According to Noel Cameron, adolescence becomes the beginning of the end, because the health of every adolescent is the basis for future health during the lifecourse. Non-communicable diseases, caused by a person’s lifestyle, are the leading killer today and are on the increase. For example, by evidence of David Barker (1938-2013), birth rates are closely related to mortality from cardiovascular and coronary heart diseases. In the epidemiological literature, the fetal origins hypothesis associated with David J. Barker posits that chronic, degenerative conditions of adult health, including heart disease and type 2 diabetes, may be triggered by circumstances in uterus, also in earlier decades. Lower birthweight, rapid or catch-up growth during infancy or childhood, various health risk factors in adolescence might lead to different diseases (metabolic syndrome, obesity, diabetes and cardio-vascular diseases).

Prof. Noel Cameron is sure, that non-communicable diseases are the major health concern of the 21st Century: “Risks for our health are acquired during intrauterine life and infancy and enhanced during childhood and adolescence. I strongly believe, that adolescence is the last chance to significantly reduce risk factors for health. So, think about it… Is adolescence the beginning of the end of our life?”
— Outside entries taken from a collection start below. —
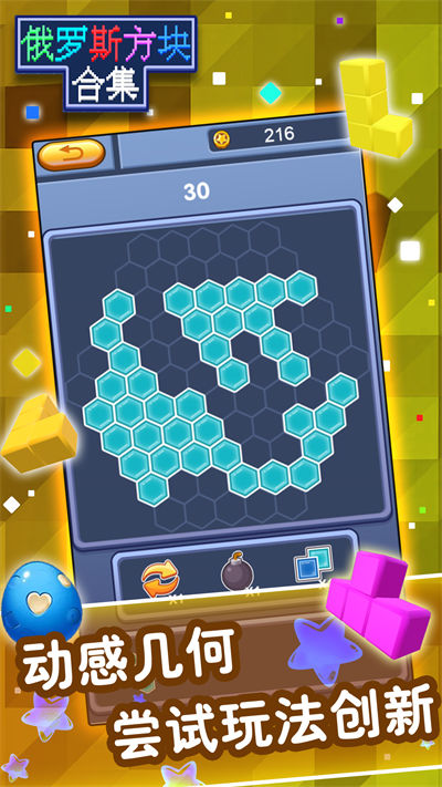 俄罗斯方块合集游戏是一款全新设计的消除类休闲游戏,这里不仅有经典的俄罗斯方块玩法,还有动感的几何模式、六角方块玩法等,玩家可以在这里体验不同的消除方式,挑战经典和全新两种不同的玩法。
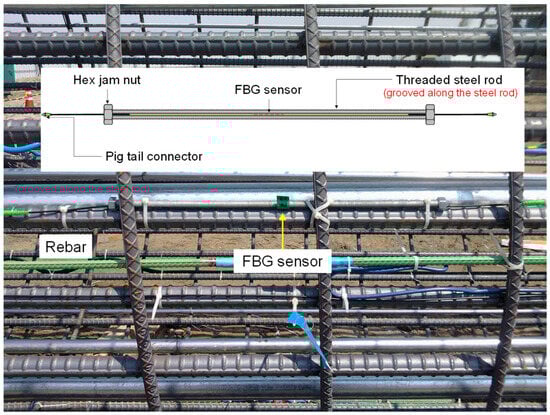 To measure the axial strain of the laterally loaded pile in this test, unit-type FBG sensors designed for the drilled shaft were employed, as shown in Figure 4. In the fabrication of the unit-type FBG sensor, for the integration and behavior with the sensor after curing concrete, a threaded iron rod was used and a groove was made on it, and the raw FBG sensor was bonded with a strong adhesive before the groove was filled with epoxy in the groove. In addition, hex jam nuts were connected at both ends of the iron rod to increase contact with the concrete. The unit-type FBG sensors attached to the compression and tensile axes of the test pile were symmetrically installed on rebars at the specified level, as shown in Figure 5; these FBG sensors measured the bending strain with depth.
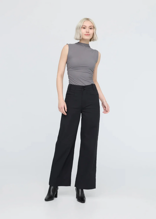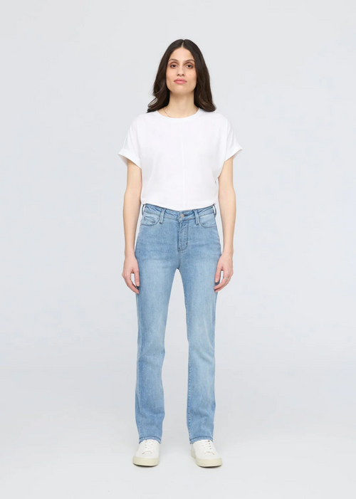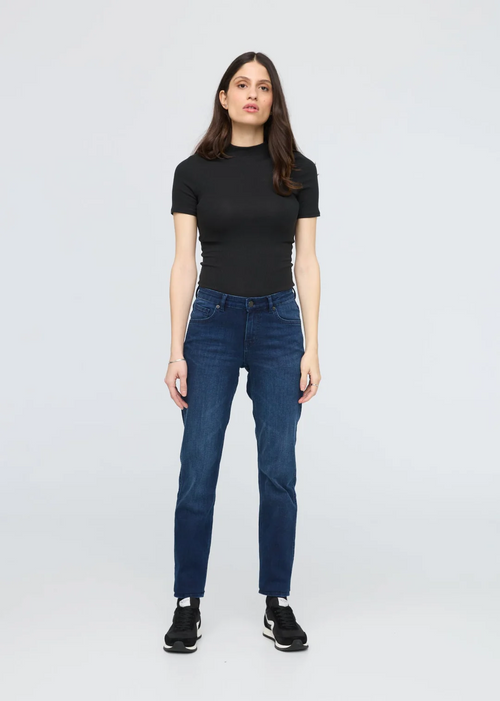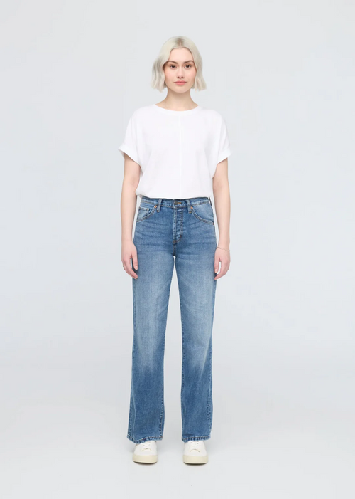 Mid rise in a relaxed fit with a slightly tapered leg.
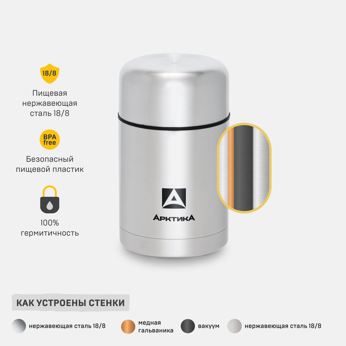 Термос для еды Арктика 301-А, 1 л, серебристый
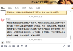3月18至19日,伟的国际1946bv教师第二党支部开展了2024年度第2次教职工理论学习。本次学习以线上线下相结合、个人自学与专题研讨相结合的形式进行。老师们结合工作实际,围绕“解放思想,推动学校高质量发展”主题进行了讨论,表示将认真学习理论,不断开拓视野、创新思路、破解难题,以思想大解放、工作大落实推进学校高质量发展。
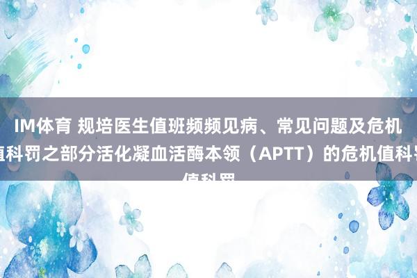IM体育 规培医生值班频频见病、常见问题及危机值科罚之部分活化凝血活酶本领(APTT)的危机值科罚
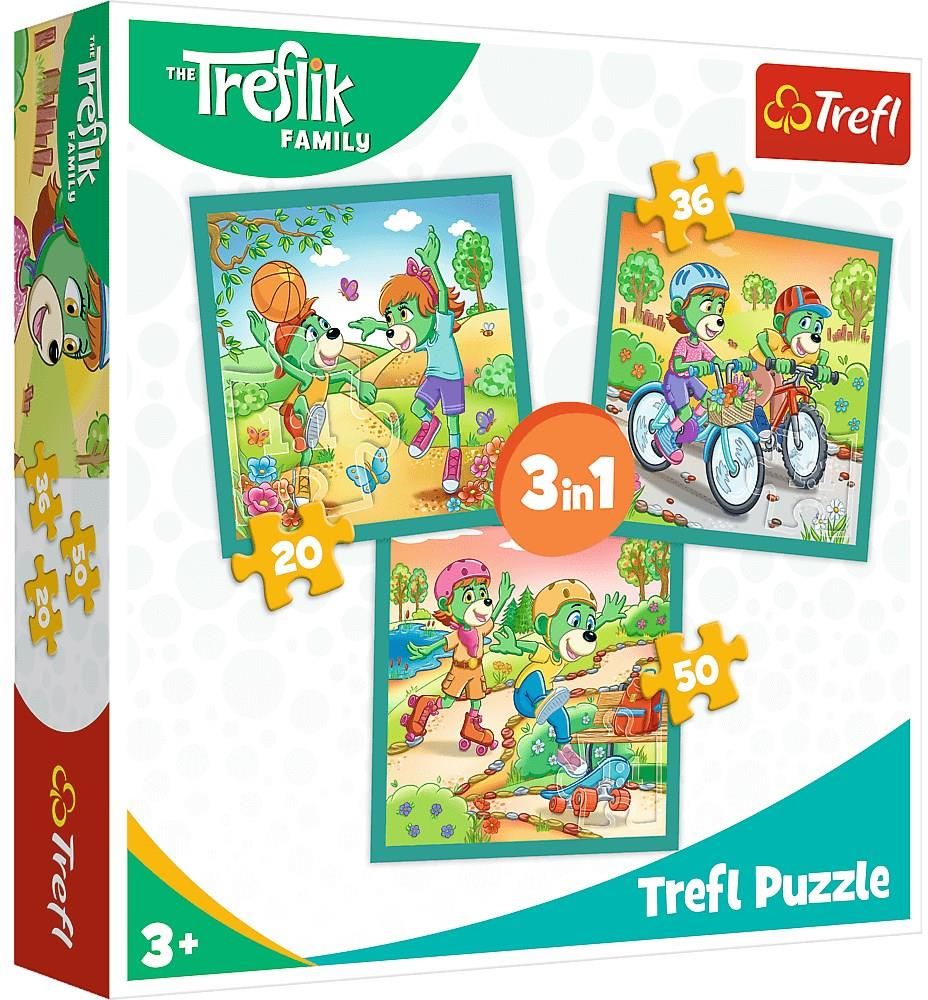 Trefl Puzzle 3w1 Poznaj Trefliki 34872 Poznaj Trefliki to 3 niezależne układanki dla dzieci, zaprojektowane z myślą o małych fanach przygód bohaterów bajki Rodzina Treflików. Po ułożeniu puzzli powstaną obrazki o wymiarach 200x195 mm. Zróżnicowana liczba elementów pozwala na zabawę zarówno młodszym, jak i nieco starszym dzieciom. Puzzle zostały wyprodukowane w Polsce, z wykorzystaniem ekologicznych materiałów. Układanki przeznaczone są dla dzieci powyżej 3. roku życia. Jakość i troska o środowisko Od 1985 roku w Trefl SA poświęcamy się temu, by zapewnić niezapomniane doznania podczas układania puzzli, które są produkowane w 100% w Polsce. Nasze układanki tworzymy z pasją, a każdy element cechuje wysoka jakość wykonania oraz nietoksyczne, przyjazne środowisku materiały.  Po ułożeniu puzzli możesz utrwalić obrazek klejem i powiesić dzieło na ścianie, tworząc piękną dekorację pokoju dziecka. Dlaczego warto układać puzzle? Puzzle to doskonała rozrywka dla każdego, niezależnie od wieku czy umiejętności. Układając, wyrównujemy oddech, tempo bicia serca oraz spada ciśnienie krwi. Kompletowanie puzzli uczy cierpliwości, wspiera koncentrację oraz rozwój kreatywności. Rozpocznij przygodę z nową pasją już dziś! Szukasz pomysłu na miły wieczór w domowym zaciszu? Układanie puzzli to świetny sposób na spędzenie wolnego czasu w gronie przyjaciół i rodziny a do tego rewelacyjny trening dla mózgu. Szeroki wybór wzorów pozwala wybrać układankę dopasowaną do Twoich zainteresowań. Puzzle są doskonałym prezentem z okazji urodzin lub świąt. Odkryj Niezbędnik Puzzlomaniaka!
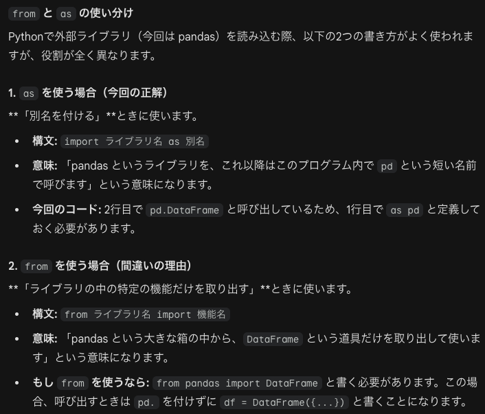 Pythonのインポートは 「どこから (from) 」「何を (import) 」 持ってくるかという順番で書きます。
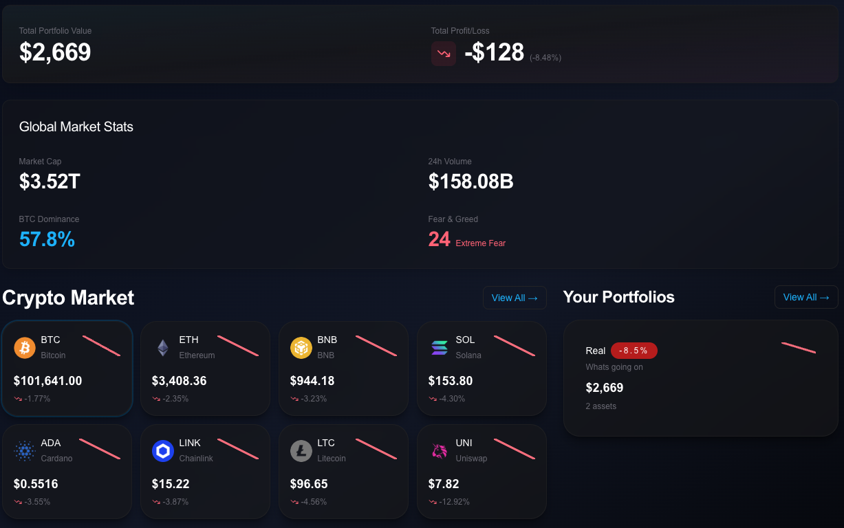 DigiAssets is a full-stack cryptocurrency portfolio management platform that enables users to track investments, monitor market trends, and analyze performance, all through an intuitive dashboard and a powerful AI-driven assistant (coming soon). DigiAssets delivers a seamless and secure experience for crypto enthusiasts and investors. It combines real-time market data, detailed portfolio analytics, and a soon-to-be-released AI insights module designed to provide smarter, automated portfolio analysis.
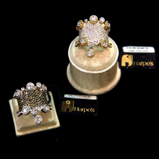 This set of gorgeous rings features a dazzling 18K gold construction. They boast sparkling white and brown diamonds all over, which showcase a hint of elegance. This set of stylish rings is suitable for special occasions.
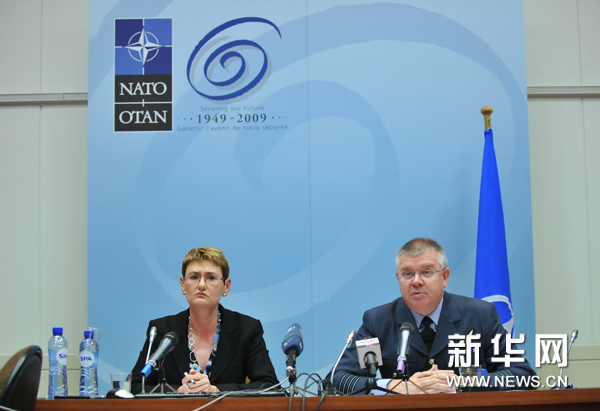 資料圖片:3月25日,在比利時首都布魯塞爾的北約總部,北約發言人瓦娜·倫杰斯庫(左)與北約國際軍事參謀部軍事行動部門的軍官布斯介紹對利比亞軍事行動的情況。北約秘書長拉斯穆森24日宣布,北約決定在利比亞設立禁飛區,并將在數天內從美國手中接管禁飛區指揮權。新華社記者武巍攝
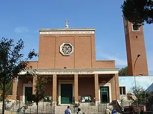 A igreja é uma estrutura de tijolos com um pórtico e um campanário laterial. No entablamento que corre acima do pórtico está impresso versículo «Vinde a mim todos os que andais em trabalho e vos achais carregados, e eu vos aliviarei» (Mateus 11:28). No alto da fachada está inscrita a dedicatória: "D.O.M. in honorem S. Philippi Nerii A.D. MCMLII". No flanco da igreja está pintado um mural de 1996 representando São Filipe Néri.
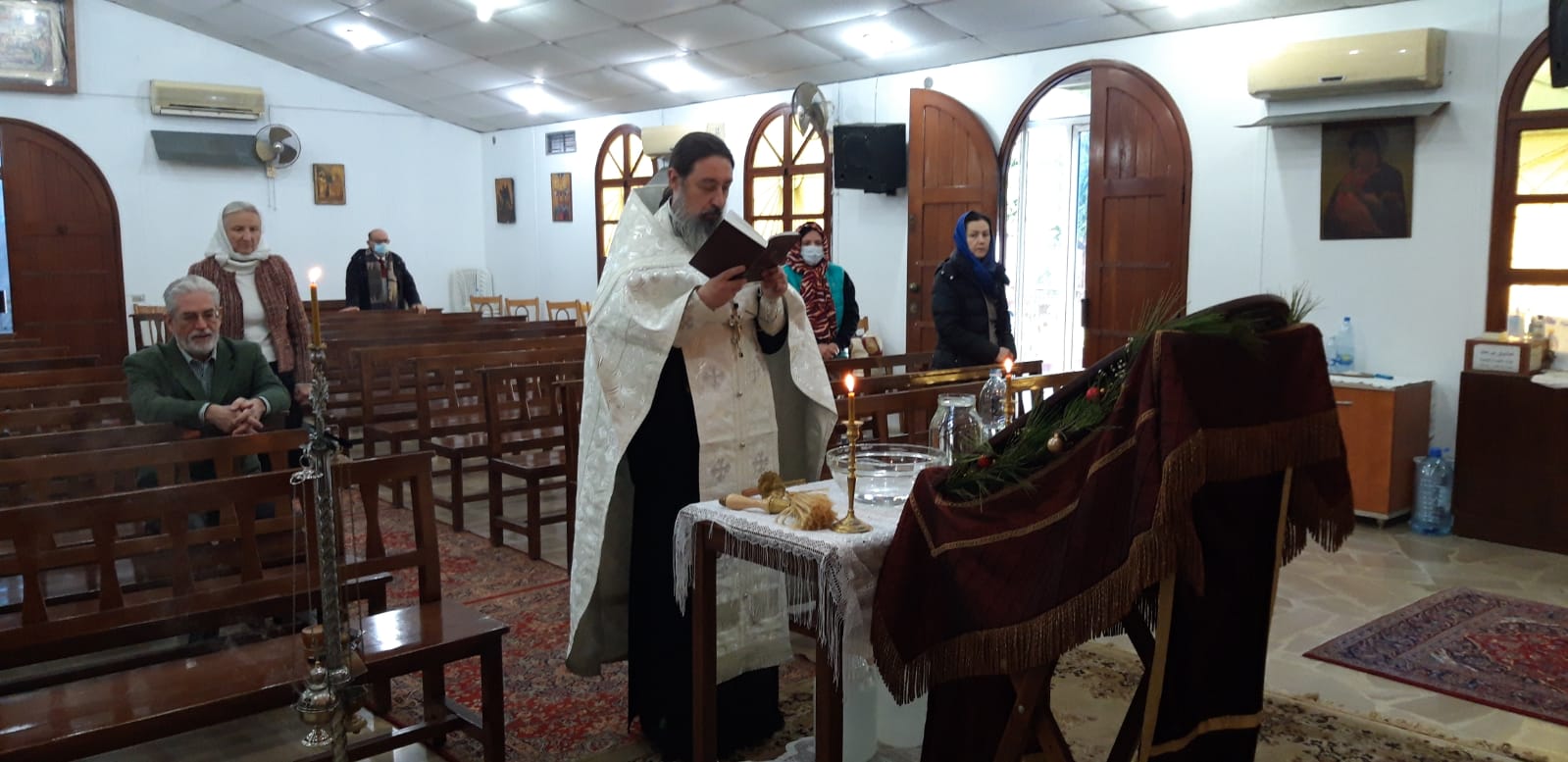 Во вторник, 18 января, в Навечерие Богоявления Господня в храме Благовещения Пресвятой Богородицы в Жаль Эль Диб было совершено чинопоследование Великого освящения воды.

The participants of this interesting and provocative lecture asked the professor what should be done in order to reduce health risks factors gained in adolescence. What would be his recommendations for those who have already passed this critical age of adolescence (20 years)? Noel Cameron answered with a wise smile: “You have to make sure that your life is healthy!” According to him, a healthy lifestyle is one which helps to maintain and improve your health and well-being. There are many different things that everyone can do to live a healthy lifestyle, such as eating healthily, being physically active, maintaining a healthy weight, and managing stress. However, a healthy lifestyle is not just about healthy eating and exercise, it is also about taking care of the “whole you” – your physical, mental, emotional, and spiritual well-being. And, that means constantly taking care of yourself.

Later the professor from UK added, that his own lifestyle is very busy. He eats a lot of fish and travels a lot. Noel Cameron does sports, plays golf and twice a year goes skiing. He adores teaching, writing books and taking up challenges: “I am 70 years old now. And one day I thought that I needed something more in my life than doing research and writing scientific articles. A year ago I started to play the alto saxophone. I have never done it before!”.